(Excerpts from a dataset)
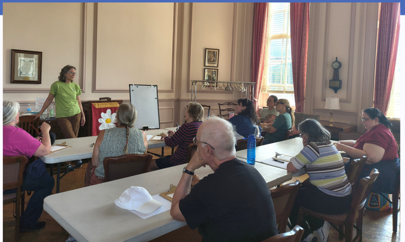
“The Joy of Drawing” class session

When it comes to adult programming, we always strive to take into account the interests and suggestions of our patrons. Having an adult drawing class had been in the works for a couple of years. So when the opportunity arrived to offer one, we jumped on it.
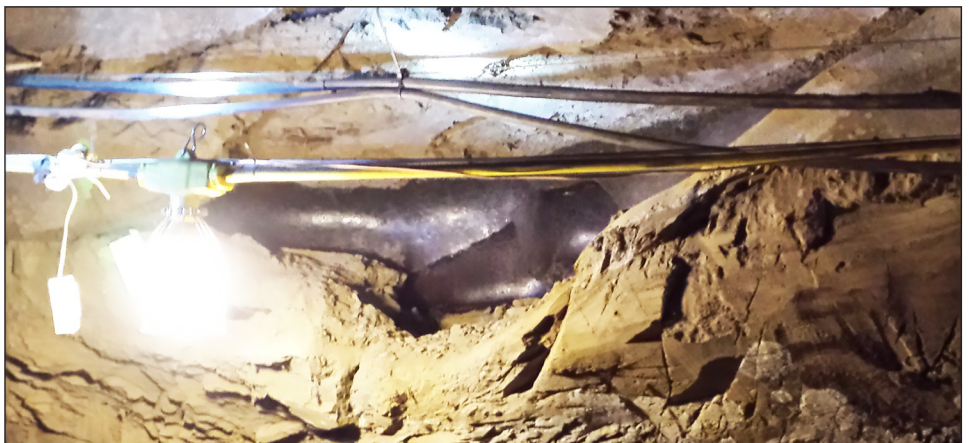
Figure 11: Ice Embedded in Soil

Note: Officials stated that research being conducted at the Permafrost Tunnel Research Facility will provide DOD and installation planners with information on how thawing permafrost can impact installations and how to adapt to potential impacts. The tunnel is approximately 15 meters below the surface and is 110 meters long.
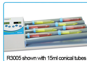
R3005 shown with 15ml conical tubes
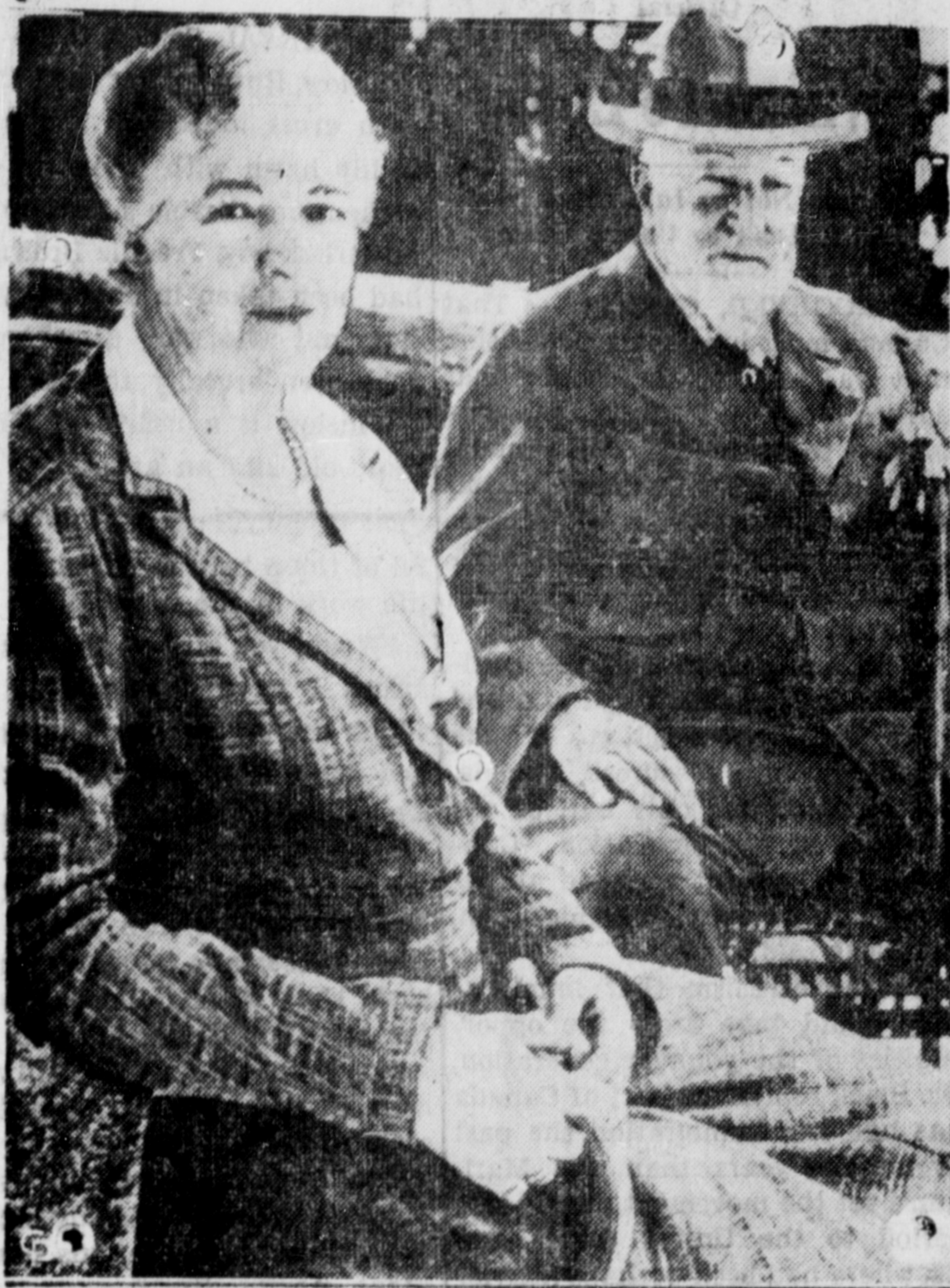
Two former crowned heads of Europe occupy chairs on the terrace of their hotel, overlooking Lake Lucerne at Burgenschloch, Switzerland, and, perhaps, dream of the days when they sat on thrones of gilt and purple plush. They are ex-Queen Amelie, of Portugal and ex-King Ferdinand of Bulgaria.
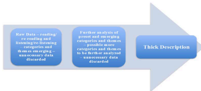
Figure 2: Data Analysis Process
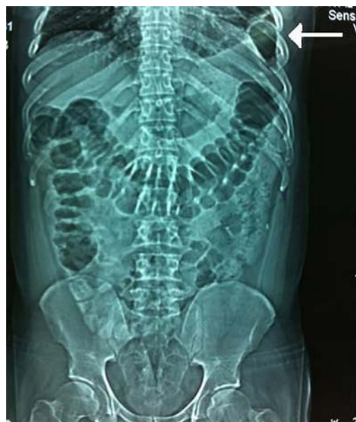
Figure 2 Plain abdominal film (white arrow) depicting the intrathoracic colonic loop.
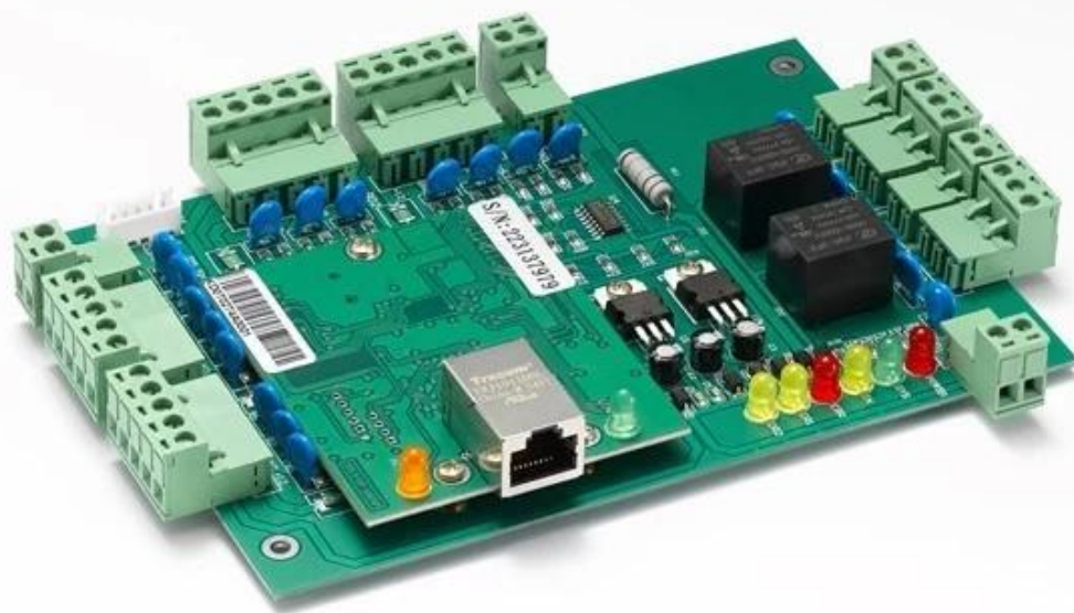
rfid access control system detail picture shoot in kind
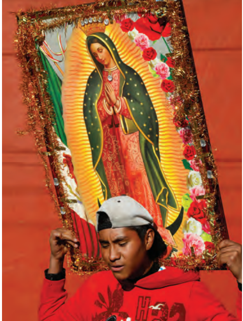
2017 Guadalupe feast in Mexico City.

Portsmouth Holy Redeemer and St. Mary – Re-enactment of Mary's ap-
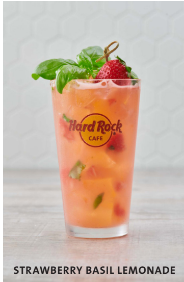
STRAWBERRY BASIL LEMONADE

A tropical blend of mangos, strawberries, pineapple juice, orange juice and house-made sour mix topped with lemon-lime soda. 250
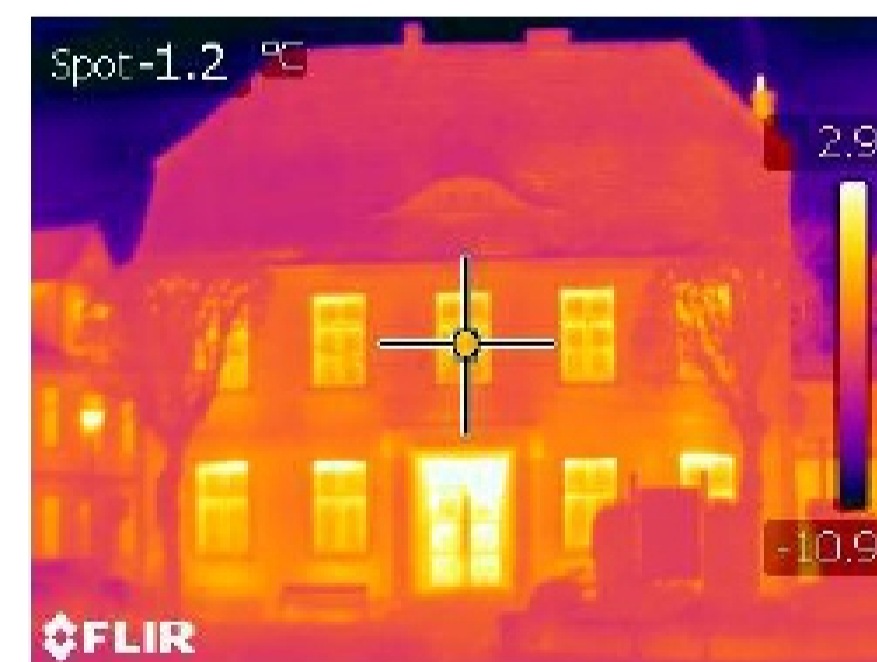
Thermograms of a buildings in Połczyn-Zdrój
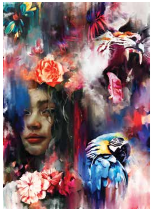
MOHD SAIFUL MAZLAN

Paying It Forward Digital print on art card 59.4 x 84.1 cm 2019
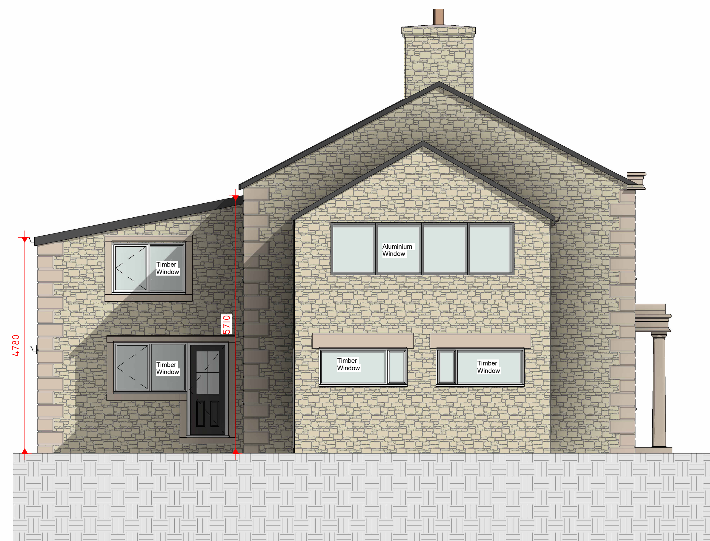
3 PROPOSED NORTH. 1 : 50
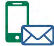
HELP-DESK AND REMOTE SUPPORT
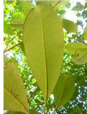
32 Tovomita leucantha
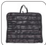
28-00431-01-000 Medium mesh bag -12
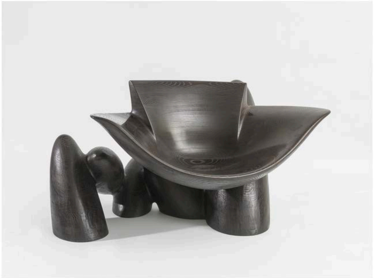
Captain's Chair, 2013, Stained Ash, 29 x 54.5 x 43 inches. Courtesy of Wendell Castle and Friedman Benda.

1 Apr–30 May 2015 at Friedman Benda Gallery, New York, United States
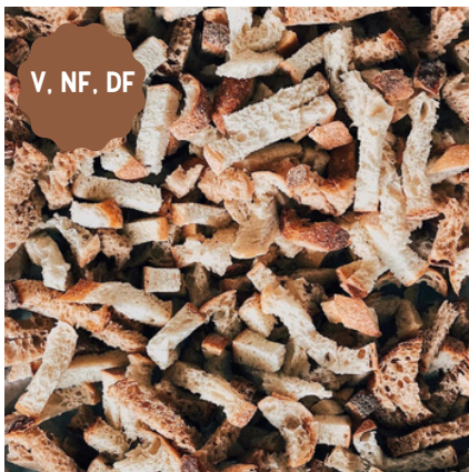
STUFFING CUBES, 2LB. 1503

A cubed assortment of our Farm, Red Fife, and Paesano loaves

> PROBLEM STATEMENT:
Copy only what lies between the line with "Two former crowned" and the line with "Figure 2: Data Analysis Process", those two lines included, exactly as given above; pictures stay out.

> OUTPUT FOR THIS TASK:
Two former crowned heads of Europe occupy chairs on the terrace of their hotel, overlooking Lake Lucerne at Burgenschloch, Switzerland, and, perhaps, dream of the days when they sat on thrones of gilt and purple plush. They are ex-Queen Amelie, of Portugal and ex-King Ferdinand of Bulgaria.
Figure 2: Data Analysis Process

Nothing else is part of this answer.